While these visualization types explicitly include binning, any type of visualization used with aggregated data can be looked at in the same way. For example, lets say we wanted to look at building construction over time. This would be best viewed as a line graph, but we can still think of our results as being binned by year:
ny <- ny %>%
select(yearbuilt, numfloors, zipcode, bbl, address, assesstot, assessland)
nyc_b <- ny %>%
filter(yearbuilt >= 1850, yearbuilt < 2022) %>%
select(yearbuilt, bbl, numfloors) %>%
group_by(yearbuilt) %>%
summarize(count =sum(!is.na(bbl)))
chart <- ggplot(nyc_b, aes(x=yearbuilt, y=count)) +
geom_line()
chart<-ggplotly(chart)
chart
nyc_b_d <- ny %>%
filter(yearbuilt >= 1850, yearbuilt < 2022) %>%
select(yearbuilt, bbl, numfloors) %>%
mutate(decadebuilt = ceiling(yearbuilt/10)*10) %>%
group_by(decadebuilt) %>%
summarize(Lots_Built =sum(!is.na(bbl)))
head(nyc_b_d)
## # A tibble: 6 × 2
## decadebuilt Lots_Built
## <dbl> <int>
## 1 1850 250
## 2 1860 1806
## 3 1870 1599
## 4 1880 3058
## 5 1890 5647
## 6 1900 31359
chart <- ggplot(nyc_b_d, aes(x=decadebuilt, y=Lots_Built)) +
geom_bar(stat="identity")
chart <- ggplotly(chart)
chart
###Question
After a few building collapses, the City of New York is going to begin investigating older buildings for safety.

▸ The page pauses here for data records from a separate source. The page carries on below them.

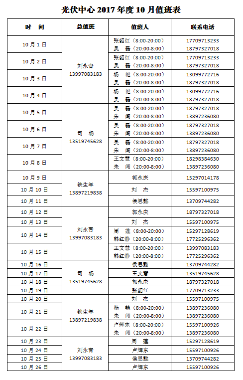 光伏中心2017年度10月值班表
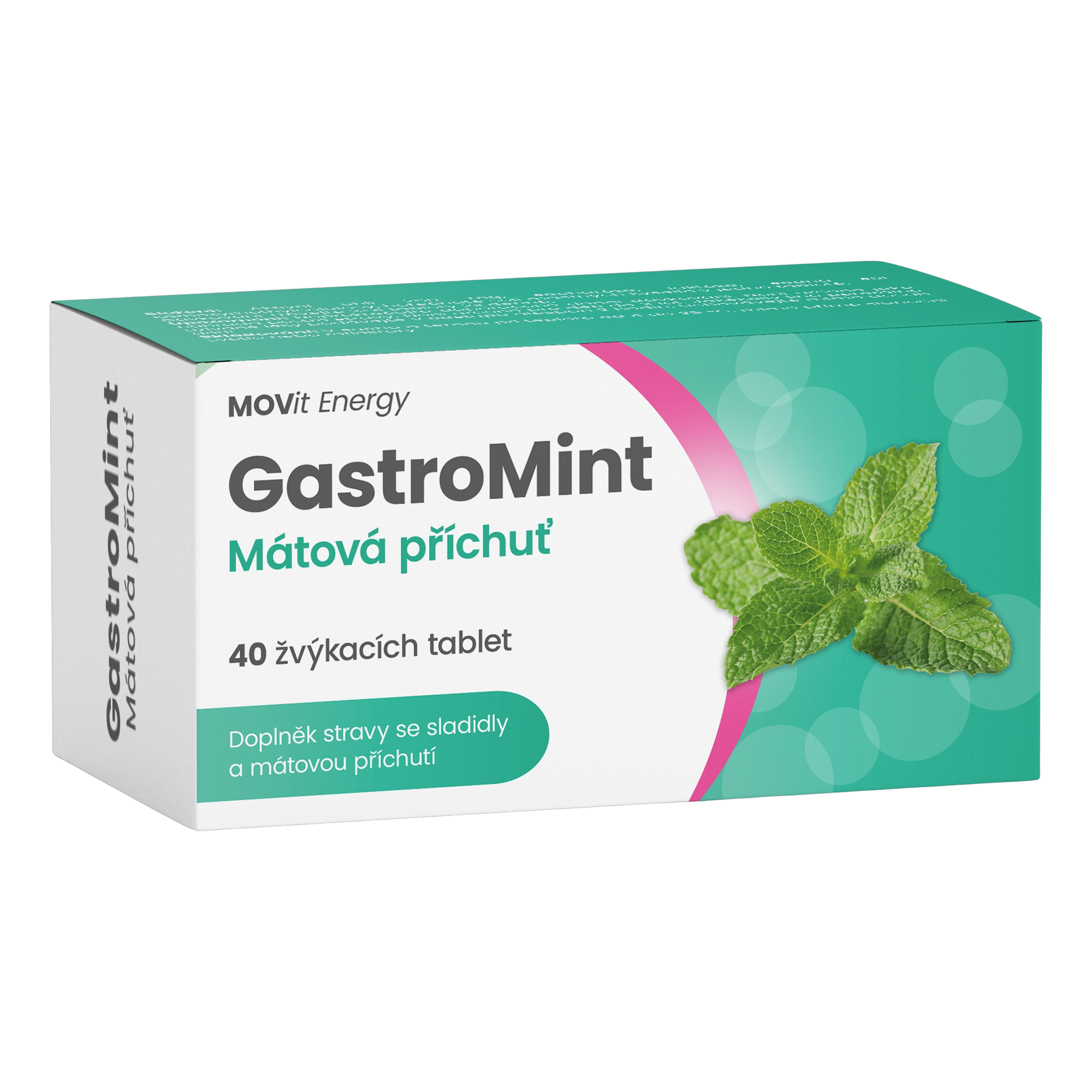 Doplněk stravy se sladidly a mátovou příchutí.
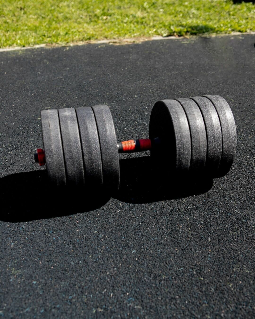 Type: dumbbell, design: collapsible, dumbbell shape: round, features: with soft handles, neck lock: nut, disc coating: plastic, handle coating: neoprene
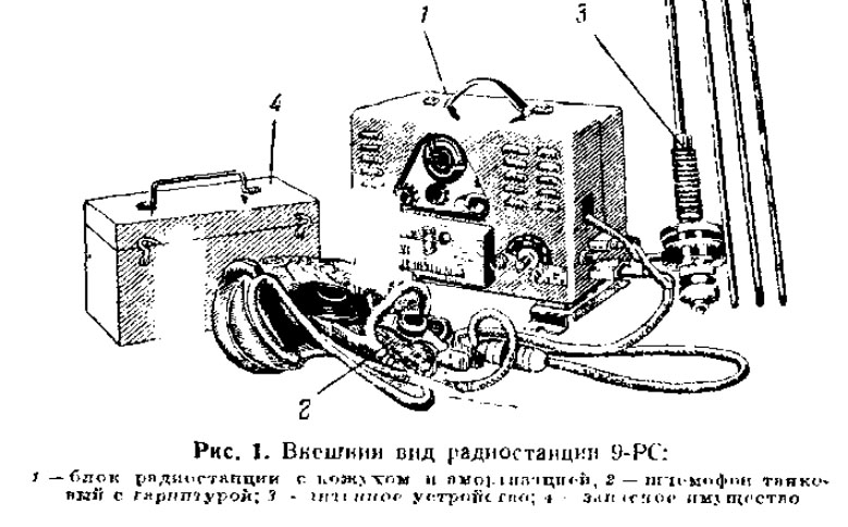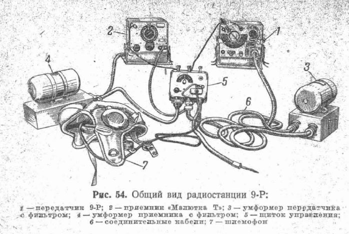 В комплект радиостанции 9Р обр.1941 г. входили приемник РСИ-4Т (по типу авиационного), передатчик, шлемофон и т.д.

The city is particularly worried about buildings that were unusually tall when they were built, since best-practices for safety hadn’t yet been determined. Create a graph that shows how many buildings of a certain number of floors were built in each year (note: you may want to use a log scale for the number of buildings). Find a strategy to bin buildings (It should be clear 20-29-story buildings, 30-39-story buildings, and 40-49-story buildings were first built in large numbers, but does it make sense to continue in this way as you get taller?)
nyc_fl <- ny %>%
filter(yearbuilt >= 1850, yearbuilt < 2022) %>%
select(yearbuilt, bbl, numfloors) %>%
mutate(numfloors= round(numfloors,-1)) %>%
group_by(yearbuilt, numfloors) %>%
count() %>%
filter(numfloors >=20, numfloors <= 70) %>%
group_by(yearbuilt, numfloors) %>%
summarise(floor_count = sum(n))
## `summarise()` has grouped output by 'yearbuilt'. You can override using the
## `.groups` argument.
chart <- ggplot(nyc_fl, aes(yearbuilt,floor_count)) + geom_point(stat="identity")
chart <- ggplotly(chart)
chart
###Question You work for a real estate developer and are researching underbuilt areas of the city. After looking in the Pluto data dictionary, you’ve discovered that all tax assessments consist of two parts: The assessment of the land and assessment of the structure. You reason that there should be a correlation between these two values: more valuable land will have more valuable structures on them (more valuable in this case refers not just to a mansion vs a bungalow, but an apartment tower vs a single family home). Deviations from the norm could represent underbuilt or overbuilt areas of the city. You also recently read a really cool blog post about bivariate choropleth maps, and think the technique could be used for this problem.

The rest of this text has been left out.